Image from Russian state television.

Those comments were greeted in Moscow with caution and skepticism. Russian Foreign Minister Sergei Lavrov said Moscow expects a dialogue with Washington on nuclear weapons, but said any negotiations should include new hypersonic weapons, a U.S. missile shield in Europe, space weapons and nuclear testing.

Konstantin Kosachev, the head of the international affairs committee of the Federation Council, the upper house of Russia’s parliament, said Trump’s proposal shouldn’t be given “the status of an official proposal,” adding that the U.S. president’s comments were “speculative” in nature.

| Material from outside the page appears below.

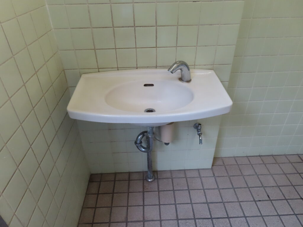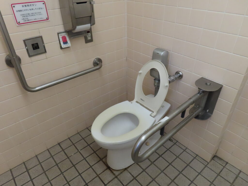 見た目は古いですが、中は改修されたようです。実際にグーグルストリートビューで2009年12月に撮影されたものを見る限りでは外観がタイル張りで古そうなトイレが写っています。この当時はまだ多機能トイレもないようでした。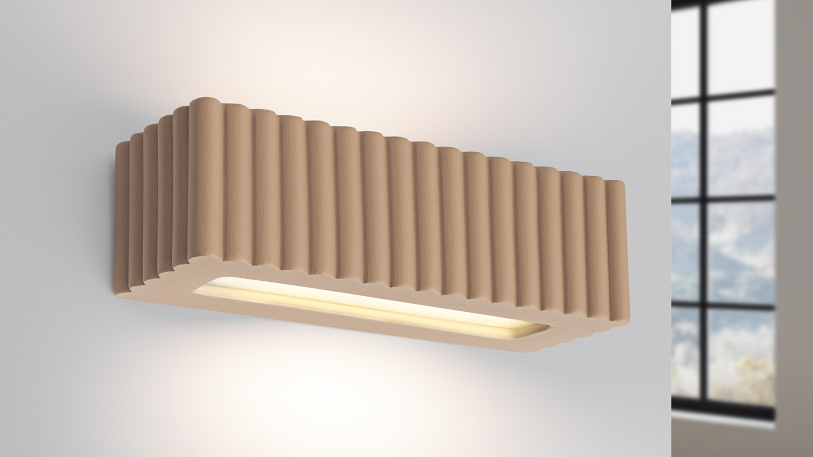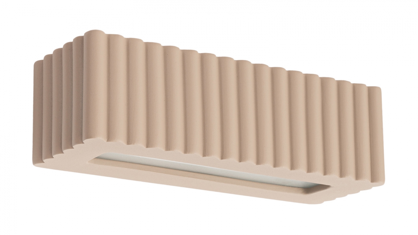 En stockApplique rectangulaire en céramique cannelée beige - Rigata L'applique murale RIGATA associe simplicité des formes et élégance fonctionnelle.Sa structure en céramique cannelée diffuse la lumière de manière homogène et crée une atmosphère chaleureuse et accueillante. Disponible en blanc, beige, taupe, vert olive et outremer, RIGATA s’intègre aussi bien...

Apparently, the Russian public is also skeptical about the proposal to lift sanctions in exchange for nuclear arms reduction: In the VTsIOM poll from earlier this month, 55 percent of the respondents said they opposed such a deal.

FILE - A boy to shoots a machine gun with blanks, at a weapon exhibition during a military show outside St.Petersburg, Russia, Jan. 15, 2017.
FILE - A boy to shoots a machine gun with blanks, at a weapon exhibition during a military show outside St.Petersburg, Russia, Jan. 15, 2017.

Another poll, conducted January 20-23 by the Levada Center, Russia’s only independent national polling agency, found the number of Russians seeing an improvement in U.S.-Russian relations has dropped 9 percentage points since November.

Levada Center Deputy Director Alexei Grazhdankin told VOA’s Russian service he believed the drop in optimism about U.S.-Russian relations was due to the Russian media’s coverage of American politics.

"All the recent reports in the [Russian] press and on television [on this subject] in December-January can be summarized as saying that Trump’s desire to improve relations with Russia is facing stiff resistance from other power structures in the United States,” he said.

“Therefore, they said, it is quite possible his plans will not quickly be implemented in practice, and for that matter will wind up being nothing more than election promises.”

Victor Vladimirov contributed to this report from Moscow.